**INFORMATION GIVEN**
========================================================================

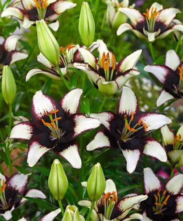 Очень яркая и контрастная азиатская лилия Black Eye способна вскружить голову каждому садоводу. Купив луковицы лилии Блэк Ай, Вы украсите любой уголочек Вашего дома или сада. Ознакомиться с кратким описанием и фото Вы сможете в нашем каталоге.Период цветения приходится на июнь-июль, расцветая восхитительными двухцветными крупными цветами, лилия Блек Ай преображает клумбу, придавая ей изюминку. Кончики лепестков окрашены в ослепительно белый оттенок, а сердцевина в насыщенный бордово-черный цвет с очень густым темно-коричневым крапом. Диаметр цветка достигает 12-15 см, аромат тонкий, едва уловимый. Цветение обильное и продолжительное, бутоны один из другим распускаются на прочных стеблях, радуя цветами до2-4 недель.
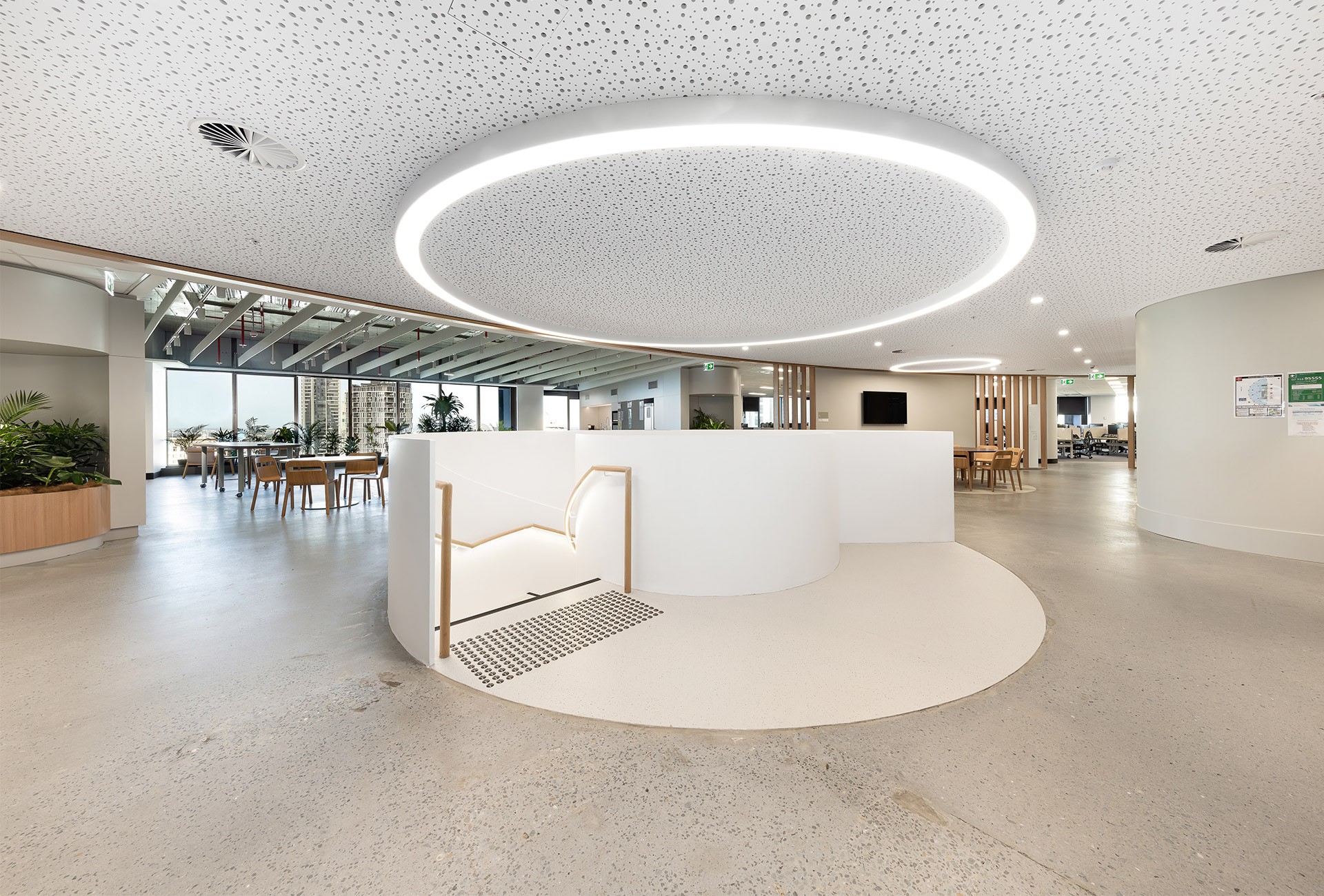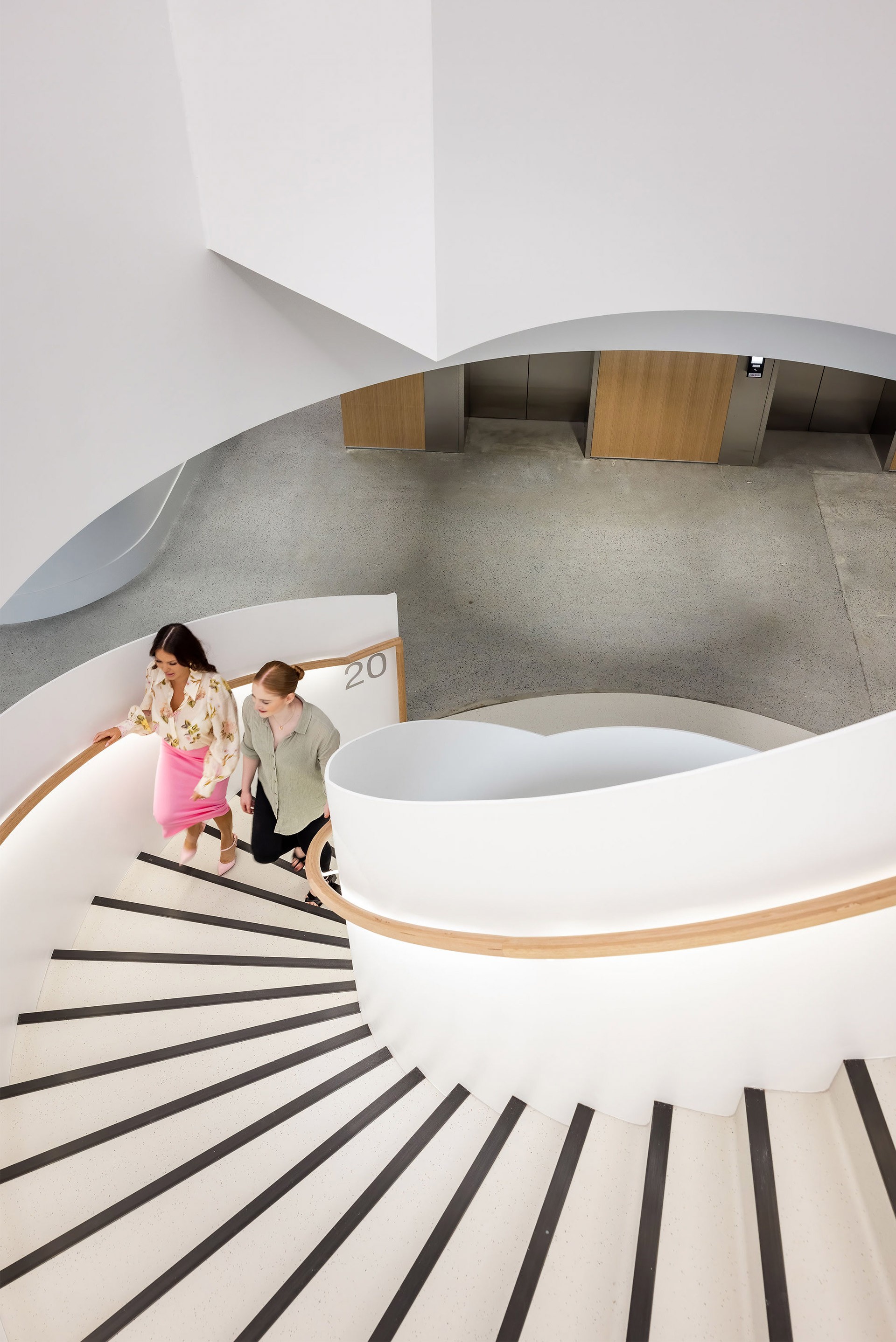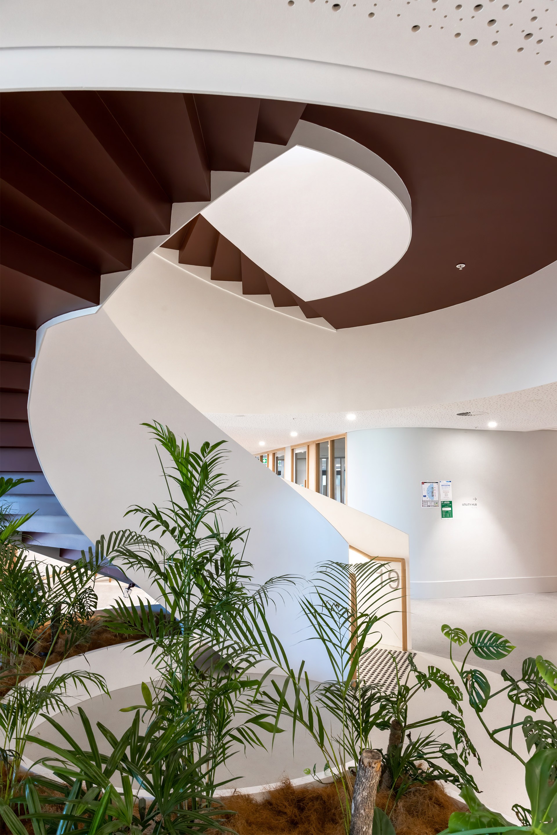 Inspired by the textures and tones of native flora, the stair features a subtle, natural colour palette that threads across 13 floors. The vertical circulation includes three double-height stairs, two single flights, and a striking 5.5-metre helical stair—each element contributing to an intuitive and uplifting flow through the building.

========================================================================

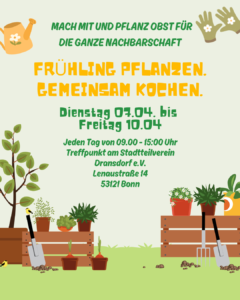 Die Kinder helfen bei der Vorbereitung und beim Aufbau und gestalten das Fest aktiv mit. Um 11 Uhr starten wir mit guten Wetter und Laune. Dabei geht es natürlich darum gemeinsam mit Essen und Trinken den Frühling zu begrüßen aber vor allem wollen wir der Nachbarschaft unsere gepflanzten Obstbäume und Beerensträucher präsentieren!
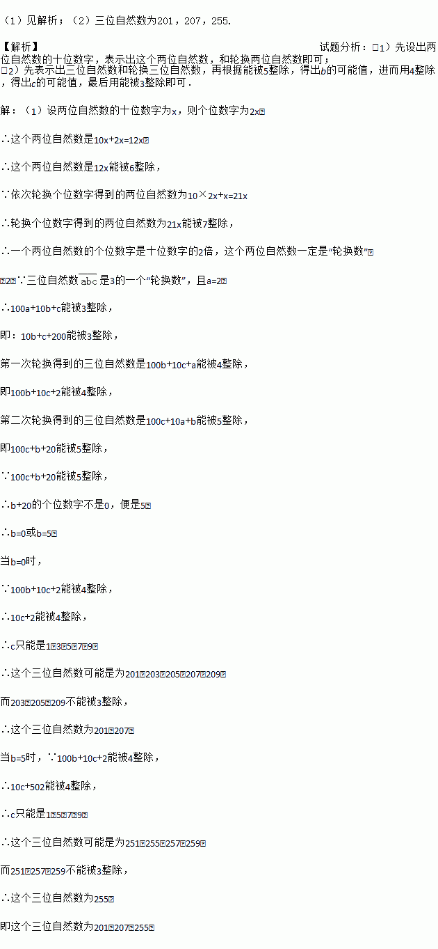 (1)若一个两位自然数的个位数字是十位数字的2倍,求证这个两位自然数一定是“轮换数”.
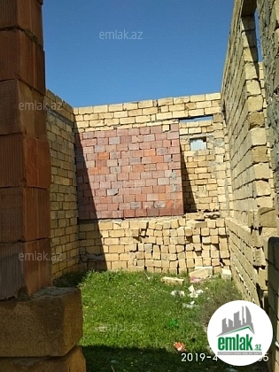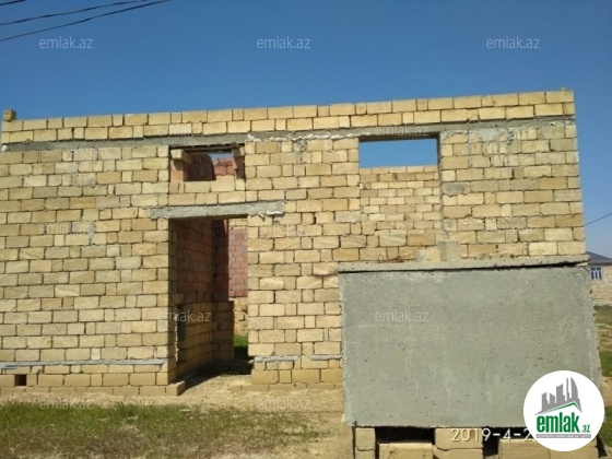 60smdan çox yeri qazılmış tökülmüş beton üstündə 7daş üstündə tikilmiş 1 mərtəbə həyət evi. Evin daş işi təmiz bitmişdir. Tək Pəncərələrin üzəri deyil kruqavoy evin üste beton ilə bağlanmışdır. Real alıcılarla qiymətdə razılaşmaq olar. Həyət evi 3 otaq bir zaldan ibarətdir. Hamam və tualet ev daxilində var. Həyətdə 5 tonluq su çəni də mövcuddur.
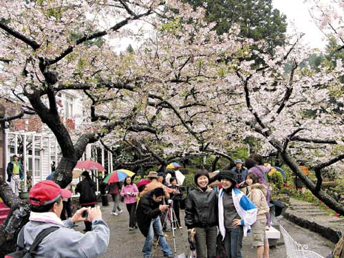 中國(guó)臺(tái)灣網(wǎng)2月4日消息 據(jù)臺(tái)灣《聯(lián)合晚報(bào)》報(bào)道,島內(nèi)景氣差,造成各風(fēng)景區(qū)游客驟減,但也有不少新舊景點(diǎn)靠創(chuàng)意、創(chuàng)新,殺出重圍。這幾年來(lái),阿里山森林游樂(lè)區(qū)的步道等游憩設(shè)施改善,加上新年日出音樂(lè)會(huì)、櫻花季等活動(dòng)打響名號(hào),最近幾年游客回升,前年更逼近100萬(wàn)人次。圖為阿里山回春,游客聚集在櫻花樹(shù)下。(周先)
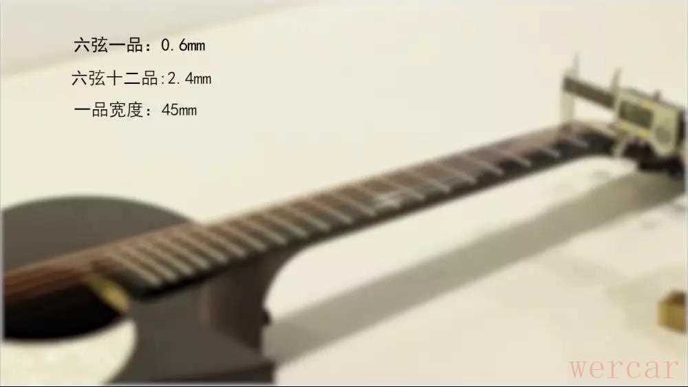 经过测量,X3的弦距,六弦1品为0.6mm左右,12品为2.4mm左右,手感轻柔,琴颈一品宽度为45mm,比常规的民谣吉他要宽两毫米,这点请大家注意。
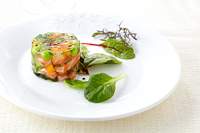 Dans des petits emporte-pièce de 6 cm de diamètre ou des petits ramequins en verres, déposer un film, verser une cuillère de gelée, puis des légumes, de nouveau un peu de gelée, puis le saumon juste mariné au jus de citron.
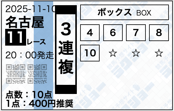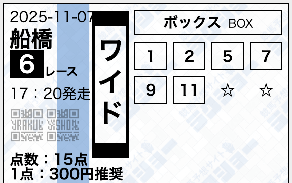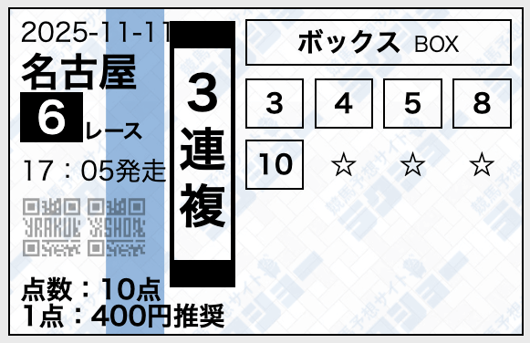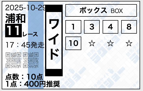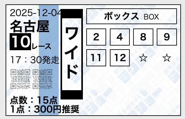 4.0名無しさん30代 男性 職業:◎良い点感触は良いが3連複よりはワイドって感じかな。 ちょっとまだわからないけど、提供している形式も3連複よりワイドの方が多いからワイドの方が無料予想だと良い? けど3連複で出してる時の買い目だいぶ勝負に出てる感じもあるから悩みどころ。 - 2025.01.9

========================================================================

**WHAT THIS TASK INVOLVES**
Look above for the line with "Die Kinder helfen" and the line with "(1)若一个两位自然数的个位", then copy them and all lines in between exactly as written, and only those, without any pictures.

**ANSWER AREA**
 Die Kinder helfen bei der Vorbereitung und beim Aufbau und gestalten das Fest aktiv mit. Um 11 Uhr starten wir mit guten Wetter und Laune. Dabei geht es natürlich darum gemeinsam mit Essen und Trinken den Frühling zu begrüßen aber vor allem wollen wir der Nachbarschaft unsere gepflanzten Obstbäume und Beerensträucher präsentieren!
 (1)若一个两位自然数的个位数字是十位数字的2倍,求证这个两位自然数一定是“轮换数”.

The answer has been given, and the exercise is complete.